Dataset content Start Marker
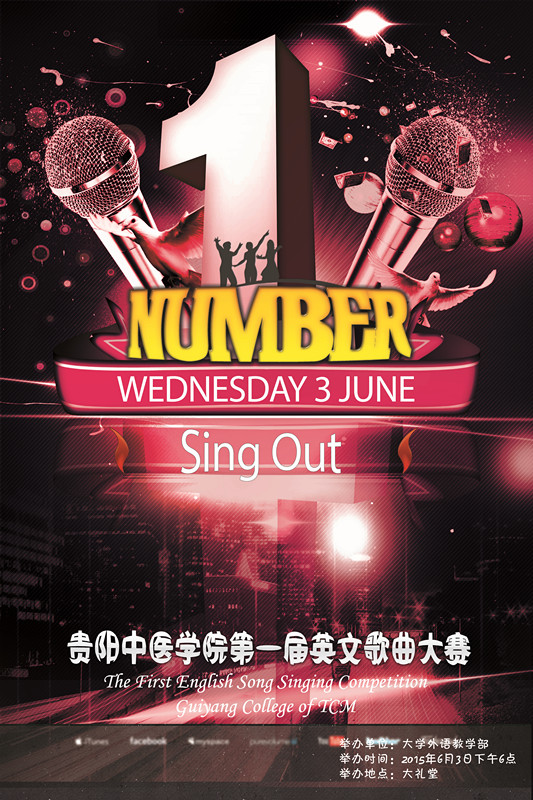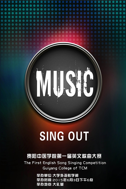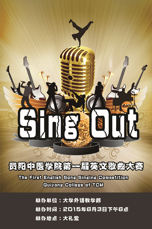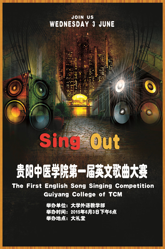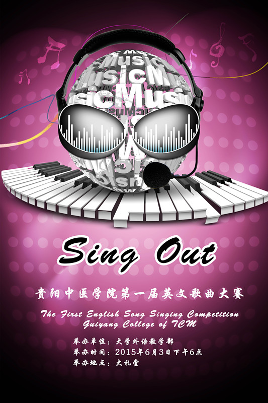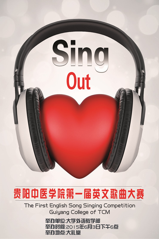 由外语教学部主办的贵阳中医学院第一届英语歌曲大赛决赛将于2015年6月3日晚上6时在花溪校区大礼堂举行,届时大礼堂的舞台上将会有12队实力雄厚的选手们为大家奉献上一场精彩的视听盛宴。除了选手们的精彩演出外,决赛现场还会有特殊嘉宾的神秘节目哦,还等什么,同学们!请记住2015年6月3日晚6时大礼堂不见不散!
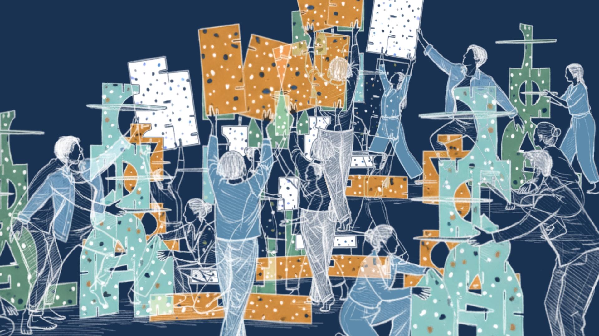 Mat Party is a participatory game of social design that uses movement to explore collective intimacy in public space. It invites participants to take up space together through a shifting choreography of pronouns: me, you, we, they. Participants follow action prompts that engage interlockable mat panels as extensions of their bodies and tools for sculpting the space surrounding them.
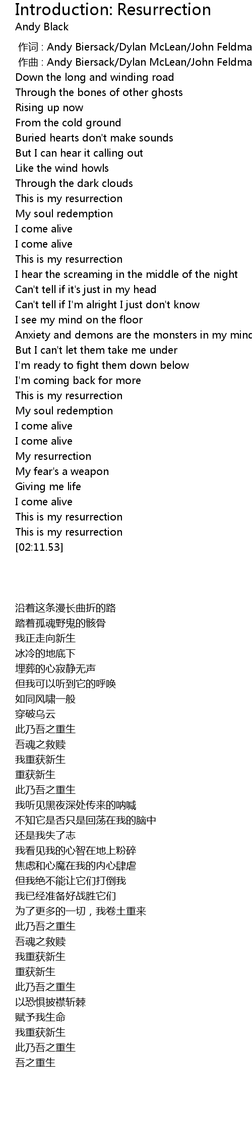 | [00:39.57] | This is my resurrection |
Dataset content End Marker
● **What you need to do**
Please write out exactly the lines from the one holding "Mat Party is" through the last line of the material above, both included, as a copy without pictures.

● **Answer to this problem**
 Mat Party is a participatory game of social design that uses movement to explore collective intimacy in public space. It invites participants to take up space together through a shifting choreography of pronouns: me, you, we, they. Participants follow action prompts that engage interlockable mat panels as extensions of their bodies and tools for sculpting the space surrounding them.
 | [00:39.57] | This is my resurrection |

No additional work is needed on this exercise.